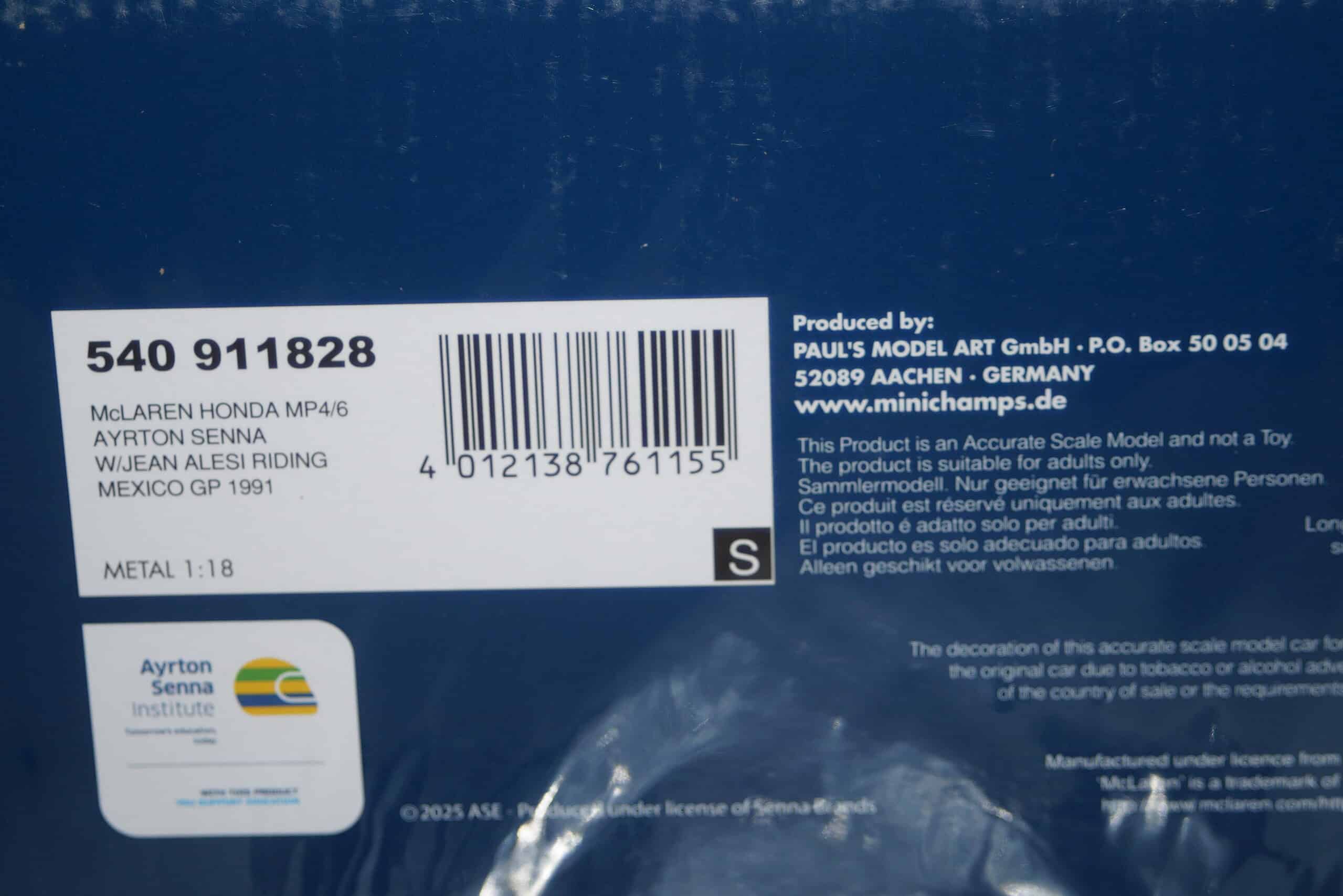 Minichamps McLaren Honda MP4-6 A.Senna Mexico GP 1991 Ref 540 911828 1:18
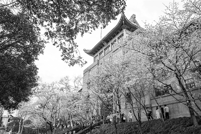 ▲3月22日,游客在武汉大学赏樱。
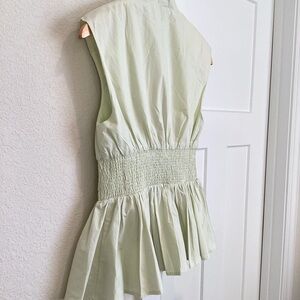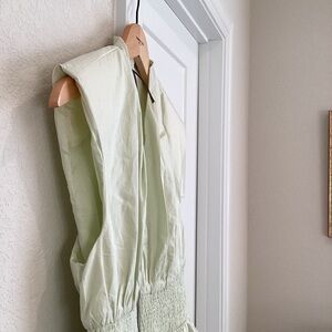 Anthropologie Tommie Cap-Sleeve Smocked Front Zip Blouse NEW Small Green Mint
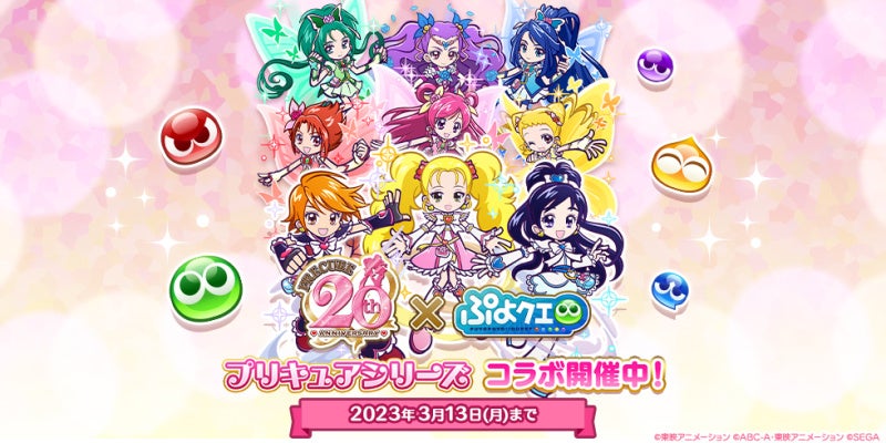 株式会社セガは、大好評配信中のパズルRPG『ぷよぷよ!!クエスト』にて、2023年3月3日(金)より、テレビアニメ『プリキュア』シリーズとのコラボレーションイベントを開催します。
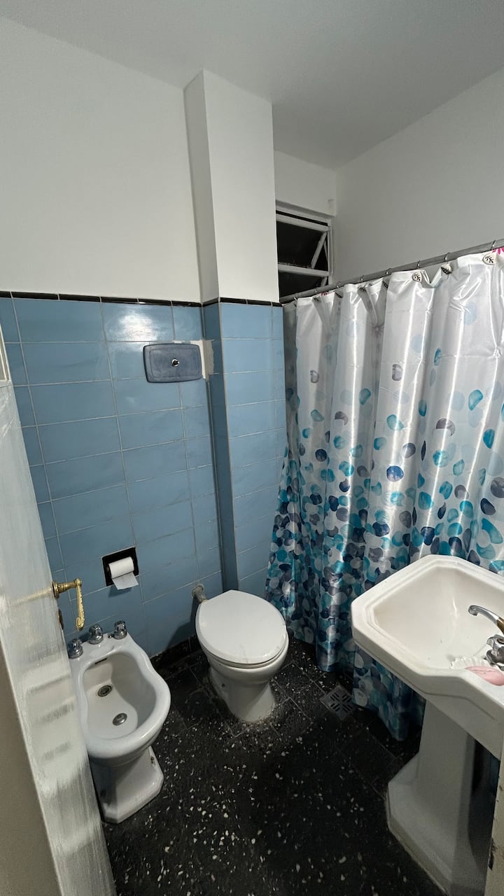 Apartment in Parque Chas with 1 bedroom, a living room, a full kitchen and 1 bathroom. It is on the second floor accessed by stairs. A crib and a baby bath are available if required. The listing places it a few metres from the subway, bus routes and the railway, with access to public transport across Buenos Aires.
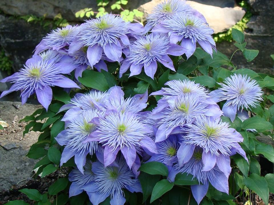 Frans van Haasterd, Голландия, 1998. Длина побегов: 2-2,5 м. Цветки всегда махровые, большие. Чашелистики лавандово-голубые, с темноголубыми прожилками. Цветение: V-VI, X. Группа обрезки: 2.
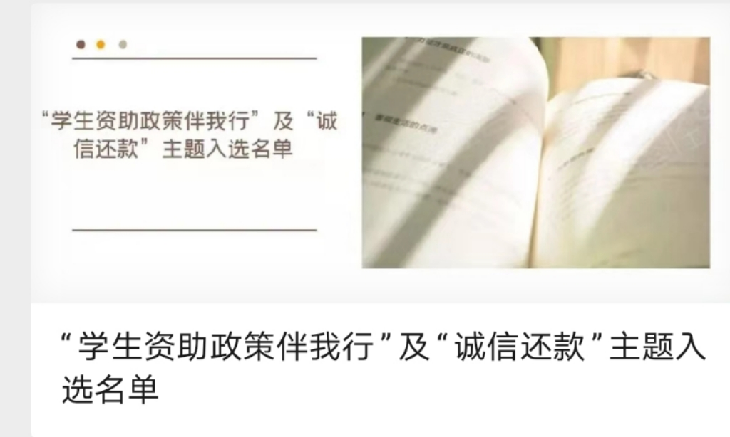 二是开展形式多样的诚信教育活动围绕“诚信教育,诚信还款,立德树人”或“学生资助伴我行”为主题征集文稿,截止2021年5月6日,全院收到35份作品。经筛选后评选18份优秀作品。
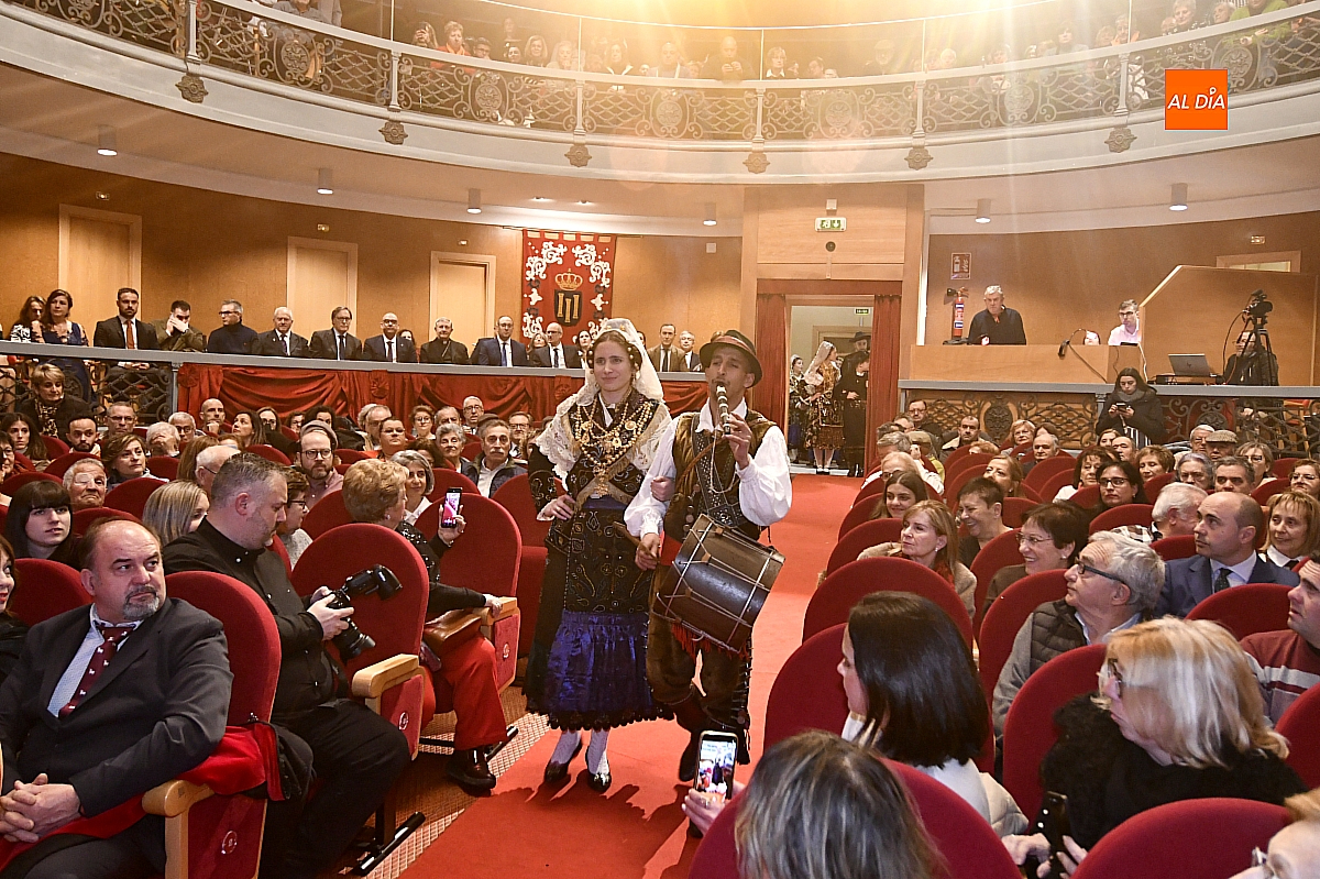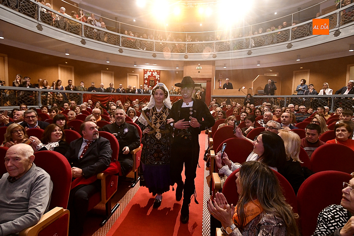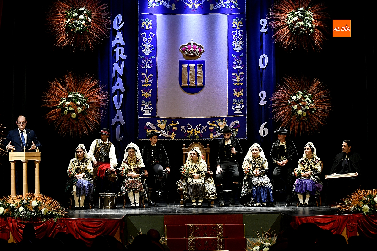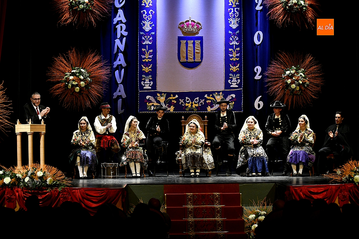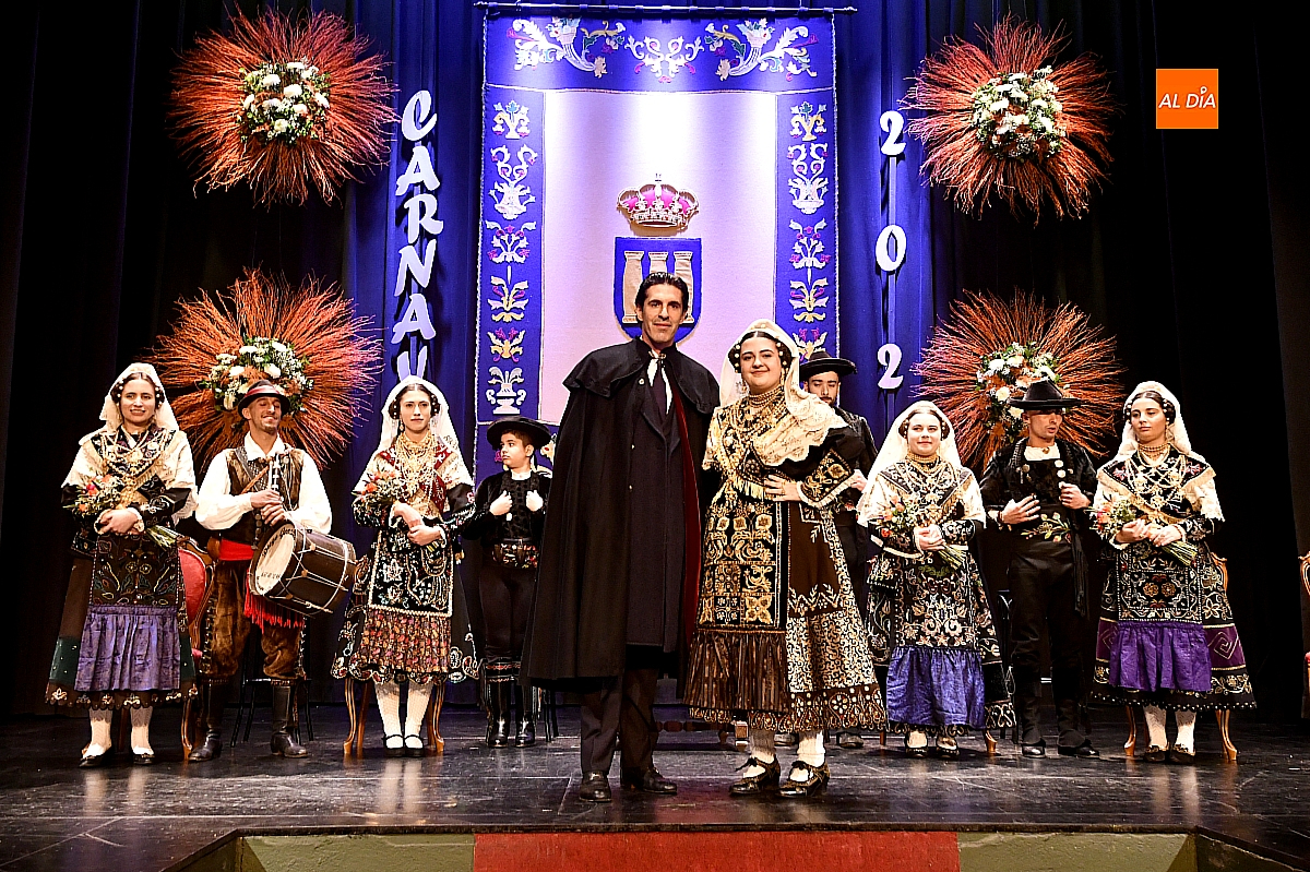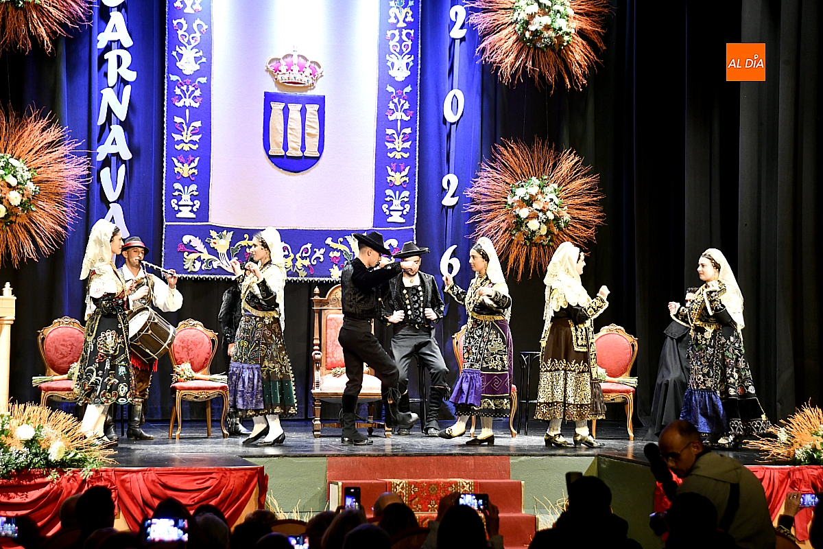 El acto dio comienzo con una cuidada puesta en escena: las damas accedieron al patio de butacas acompañadas por sus respectivos damos, seguidas de la Reina del Carnaval y del Pregonero Mayor, Alejandro Talavante, mientras resonaban la gaita y el tamboril interpretados por Diego González. La concejala Paola Muñoz ejerció como maestra de ceremonias en una apertura de marcado tono tradicional, atreviédose las damas de honor hacer una demostración de Floklore Charro.
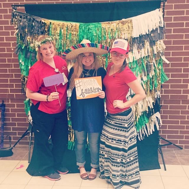 I brought all of my old sorority date party hats and accessories to have as props! I also found a chalkboard sign and inflatable food items from Target for $1! Not only was this an easy and affordable way of showcasing my class, it was also tons of fun to see people from the community get to dress up and be goofy! A great fun and trendy way to stay on budget for any event!
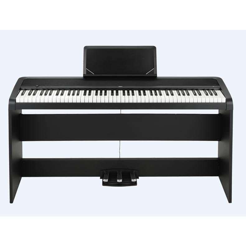 A full piano setup for home or classroom. B2SP comes with everything a pianist needs. This set packages the B2 digital piano with a easily assembled stand and a 3-pedal unit that gives you the experience of playing a real grand piano. The B2 is a new generation of digital piano from KORG focused on accessibility and ease of use. Perfect as a first piano for a new player, KORG paid special attention to the experience of playing a real piano. B2 is packed with carefully selected sounds, starting with legendary grand pianos from around the world. The B2 provides a total of 12 sounds that cover a diverse range of genres, starting with five pristine piano sounds from its new piano engine, and also providing richly distinctive electric piano, organ, harpsichord, and strings.
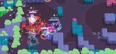 这款游戏采用竖版模式来呈现战斗场景,与《皇室战争》相似,玩家以俯瞰的上帝视角参与游戏。区别于多数MOBA游戏,它没有复杂的技能组合,也不存在进攻防御等提示,极大地简化了繁琐操作。竖版界面的左边设有虚拟摇杆,玩家借此操控角色移动走位,通过点击屏幕来完成射击动作。当弹药命中敌方时,竖版右侧的能量槽便会开始积累能量,待能量蓄满,骷髅头图标会亮起,此时玩家就能释放大招。
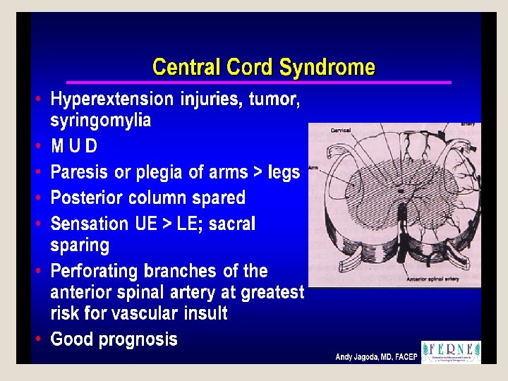 Central spinal cord lesion �Forward extension of disease anterior horn cells involved segmental neurogenic atrophy, paresis, areflexia �Lateral extension I/L Horner syndrome Kypho scoliosis Spastic paralysis �Dorsal extension I/L Position sense, vibratory loss
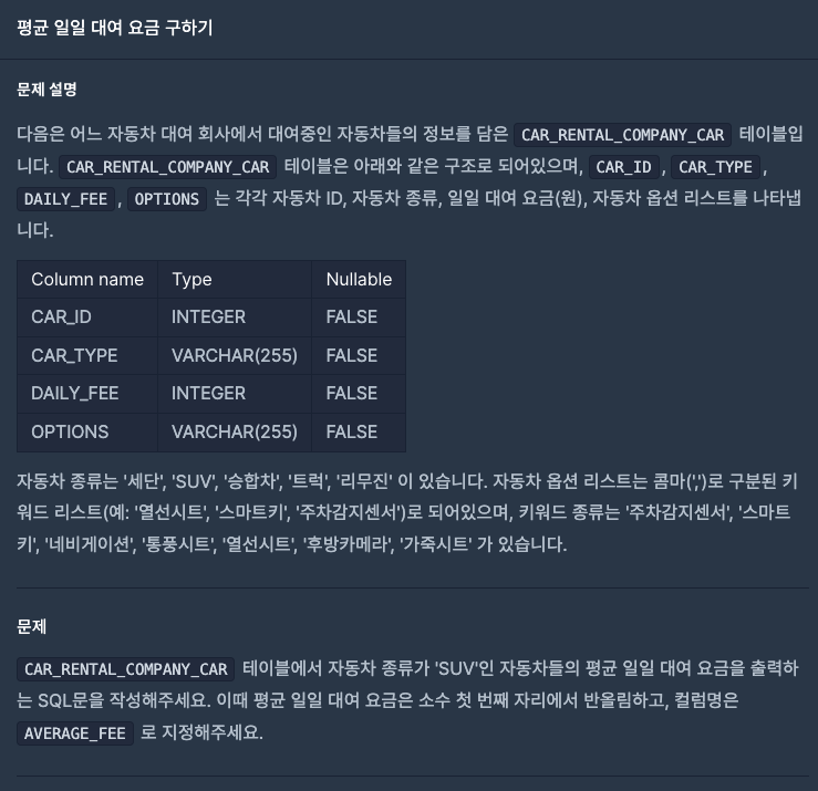 다음은 어느 자동차 대여 회사에서 대여중인 자동차들의 정보를 담은 CAR_RENTAL_COMPANY_CAR 테이블입니다. CAR_RENTAL_COMPANY_CAR 테이블은 아래와 같은 구조로 되어있으며, CAR_ID, CAR_TYPE, DAILY_FEE, OPTIONS 는 각각 자동차 ID, 자동차 종류, 일일 대여 요금(원), 자동차 옵션 리스트를 나타냅니다.
□ □ □ □ □
TASK INSTRUCTIONS
Return the entries above exactly and in full; do not include images.

ANSWER SPACE
 Minichamps McLaren Honda MP4-6 A.Senna Mexico GP 1991 Ref 540 911828 1:18
 ▲3月22日,游客在武汉大学赏樱。
 Anthropologie Tommie Cap-Sleeve Smocked Front Zip Blouse NEW Small Green Mint
 株式会社セガは、大好評配信中のパズルRPG『ぷよぷよ!!クエスト』にて、2023年3月3日(金)より、テレビアニメ『プリキュア』シリーズとのコラボレーションイベントを開催します。
 Apartment in Parque Chas with 1 bedroom, a living room, a full kitchen and 1 bathroom. It is on the second floor accessed by stairs. A crib and a baby bath are available if required. The listing places it a few metres from the subway, bus routes and the railway, with access to public transport across Buenos Aires.
 Frans van Haasterd, Голландия, 1998. Длина побегов: 2-2,5 м. Цветки всегда махровые, большие. Чашелистики лавандово-голубые, с темноголубыми прожилками. Цветение: V-VI, X. Группа обрезки: 2.
 二是开展形式多样的诚信教育活动围绕“诚信教育,诚信还款,立德树人”或“学生资助伴我行”为主题征集文稿,截止2021年5月6日,全院收到35份作品。经筛选后评选18份优秀作品。
 El acto dio comienzo con una cuidada puesta en escena: las damas accedieron al patio de butacas acompañadas por sus respectivos damos, seguidas de la Reina del Carnaval y del Pregonero Mayor, Alejandro Talavante, mientras resonaban la gaita y el tamboril interpretados por Diego González. La concejala Paola Muñoz ejerció como maestra de ceremonias en una apertura de marcado tono tradicional, atreviédose las damas de honor hacer una demostración de Floklore Charro.
 I brought all of my old sorority date party hats and accessories to have as props! I also found a chalkboard sign and inflatable food items from Target for $1! Not only was this an easy and affordable way of showcasing my class, it was also tons of fun to see people from the community get to dress up and be goofy! A great fun and trendy way to stay on budget for any event!
 A full piano setup for home or classroom. B2SP comes with everything a pianist needs. This set packages the B2 digital piano with a easily assembled stand and a 3-pedal unit that gives you the experience of playing a real grand piano. The B2 is a new generation of digital piano from KORG focused on accessibility and ease of use. Perfect as a first piano for a new player, KORG paid special attention to the experience of playing a real piano. B2 is packed with carefully selected sounds, starting with legendary grand pianos from around the world. The B2 provides a total of 12 sounds that cover a diverse range of genres, starting with five pristine piano sounds from its new piano engine, and also providing richly distinctive electric piano, organ, harpsichord, and strings.
 这款游戏采用竖版模式来呈现战斗场景,与《皇室战争》相似,玩家以俯瞰的上帝视角参与游戏。区别于多数MOBA游戏,它没有复杂的技能组合,也不存在进攻防御等提示,极大地简化了繁琐操作。竖版界面的左边设有虚拟摇杆,玩家借此操控角色移动走位,通过点击屏幕来完成射击动作。当弹药命中敌方时,竖版右侧的能量槽便会开始积累能量,待能量蓄满,骷髅头图标会亮起,此时玩家就能释放大招。
 Central spinal cord lesion �Forward extension of disease anterior horn cells involved segmental neurogenic atrophy, paresis, areflexia �Lateral extension I/L Horner syndrome Kypho scoliosis Spastic paralysis �Dorsal extension I/L Position sense, vibratory loss
 다음은 어느 자동차 대여 회사에서 대여중인 자동차들의 정보를 담은 CAR_RENTAL_COMPANY_CAR 테이블입니다. CAR_RENTAL_COMPANY_CAR 테이블은 아래와 같은 구조로 되어있으며, CAR_ID, CAR_TYPE, DAILY_FEE, OPTIONS 는 각각 자동차 ID, 자동차 종류, 일일 대여 요금(원), 자동차 옵션 리스트를 나타냅니다.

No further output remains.